**Your objective:** Reproduce the full listing as it stands. Images do not belong in the copy.

**Data block:**
******************************

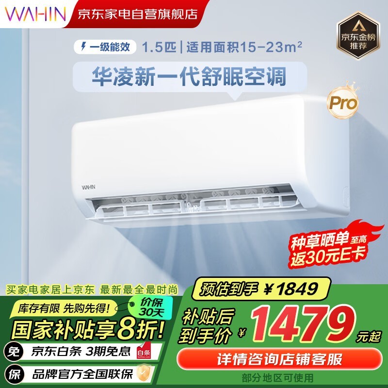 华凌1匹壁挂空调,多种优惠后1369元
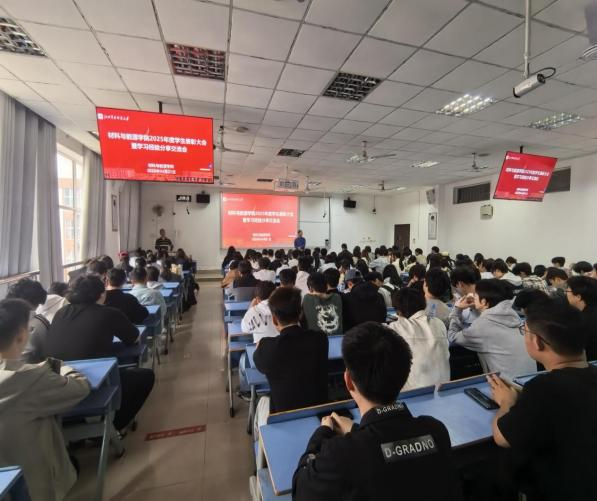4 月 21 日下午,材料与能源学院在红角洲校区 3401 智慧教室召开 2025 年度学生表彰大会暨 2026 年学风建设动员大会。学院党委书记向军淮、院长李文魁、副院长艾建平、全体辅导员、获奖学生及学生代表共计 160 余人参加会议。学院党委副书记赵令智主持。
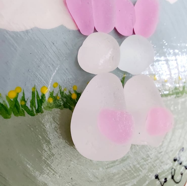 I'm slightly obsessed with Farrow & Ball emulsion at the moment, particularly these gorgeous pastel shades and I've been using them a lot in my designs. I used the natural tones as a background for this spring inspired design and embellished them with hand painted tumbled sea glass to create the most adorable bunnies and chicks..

******************************

**Response box:**
 华凌1匹壁挂空调,多种优惠后1369元
4 月 21 日下午,材料与能源学院在红角洲校区 3401 智慧教室召开 2025 年度学生表彰大会暨 2026 年学风建设动员大会。学院党委书记向军淮、院长李文魁、副院长艾建平、全体辅导员、获奖学生及学生代表共计 160 余人参加会议。学院党委副书记赵令智主持。
 I'm slightly obsessed with Farrow & Ball emulsion at the moment, particularly these gorgeous pastel shades and I've been using them a lot in my designs. I used the natural tones as a background for this spring inspired design and embellished them with hand painted tumbled sea glass to create the most adorable bunnies and chicks..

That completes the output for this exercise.